> Date: Fri, 28 Jun 2013 06:41:01 +0100
> From: Peter Robinson <pbrobinson@gmail.com>
> To: Jon Masters <jonathan@jonmasters.org>
> Cc: "arm@lists.fedoraproject.org" <arm@lists.fedoraproject.org>
> Subject: Re: [fedora-arm] Fwd: dummy_flush_tlb_a15_erratum in
> check_and_switch_context
> Message-ID:
> <CALeDE9Pa-c20=0ut2gOGZXsE9T7OsmBm8KZ=X8+E5HszDBR28w@mail.gmail.com>
> Content-Type: text/plain; charset=ISO-8859-1
>
> On Fri, Jun 28, 2013 at 5:09 AM, Jon Masters <jonathan@jonmasters.org> wrote:
> >
> >
> >
> > -------- Original Message --------
> > Subject: dummy_flush_tlb_a15_erratum in check_and_switch_context
> > Date: Thu, 27 Jun 2013 23:48:14 -0400
> > From: Jon Masters <jonathan@jonmasters.org>
> > Organization: World Organi{s,z}ation of Broken Dreams
> > To: linux-arm-kernel@lists.infradead.org
> >
> > Hi Folks,
> >
> > Post mostly for Google's benefit.
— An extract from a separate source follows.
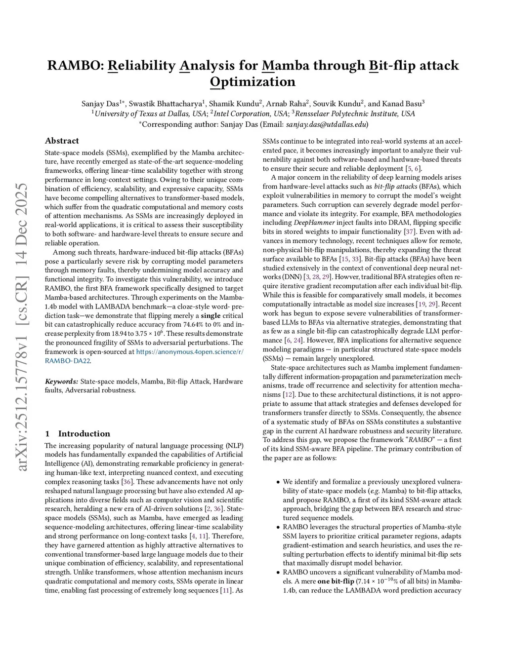 State-space models (SSMs), exemplified by the Mamba architecture, have recently emerged as state-of-the-art sequence-modeling frameworks, offering linear-time scalability together with strong performance in long-context settings. Owing to their unique combination of efficiency, scalability, and expressive capacity, SSMs have become compelling alternatives to transformer-based models, which suffer from the quadratic computational and memory costs of attention mechanisms. As SSMs are increasingly deployed in real-world applications, it is critical to assess their susceptibility to both software- and hardware-level threats to ensure secure and reliable operation. Among such threats, hardware-induced bit-flip attacks (BFAs) pose a particularly severe risk by corrupting model parameters through memory faults, thereby undermining model accuracy and functional integrity. To investigate this vulnerability, we introduce RAMBO, the first BFA framework specifically designed to target Mamba-based architectures. Through experiments on the Mamba-1.4b model with LAMBADA benchmark, a cloze-style word-prediction task, we demonstrate that flipping merely a single critical bit can catastrophically reduce accuracy from 74.64% to 0% and increase perplexity from 18.94 to 3.75 x 10^6. These results demonstrate the pronounced fragility of SSMs to adversarial perturbations.

Fedora folks were reporting the
> > following backtrace on Cortex-A8 OMAP:
> >
> > [ 12.182873] Internal error: Oops - undefined instruction: 0 [#1] SMP ARM
> > [ 12.189971] Modules linked in: drm_kms_helper drm
> > [ 12.194965] CPU: 0 PID: 153 Comm: dracut-initqueu Not tainted
> > 3.10.0-0.rc7.git0.2.fc20.armv7hl #1
> > [ 12.204317] task: c9ee9b80 ti: c9f50000 task.ti: c9f50000
> > [ 12.210025] PC is at check_and_switch_context+0x3c0/0x44c
> > [ 12.215724] LR is at check_and_switch_context+0x364/0x44c
> > [ 12.221424] pc : [<c001dbd4>] lr : [<c001db78>] psr: 400f0093
> > [ 12.221424] sp : c9f51e40 ip : 00000000 fp : c9ebe860
> > [ 12.233532] r10: c08cb470 r9 : c08d97c8 r8 : c9ebe700
> > [ 12.239044] r7 : 00000000 r6 : 00000200 r5 : 00000000 r4 : 00000201
> > [ 12.245929] r3 : 00000000 r2 : 00000000 r1 : 00000000 r0 : 00000001
> > [ 12.252817] Flags: nZcv IRQs off FIQs on Mode SVC_32 ISA ARM
> > Segment user
> > [ 12.260436] Control: 10c5387d Table: 80004019 DAC: 00000015
> > [ 12.266497] Process dracut-initqueu (pid: 153, stack limit = 0xc9f50240)
> > [ 12.273568] Stack: (0xc9f51e40 to 0xc9f52000)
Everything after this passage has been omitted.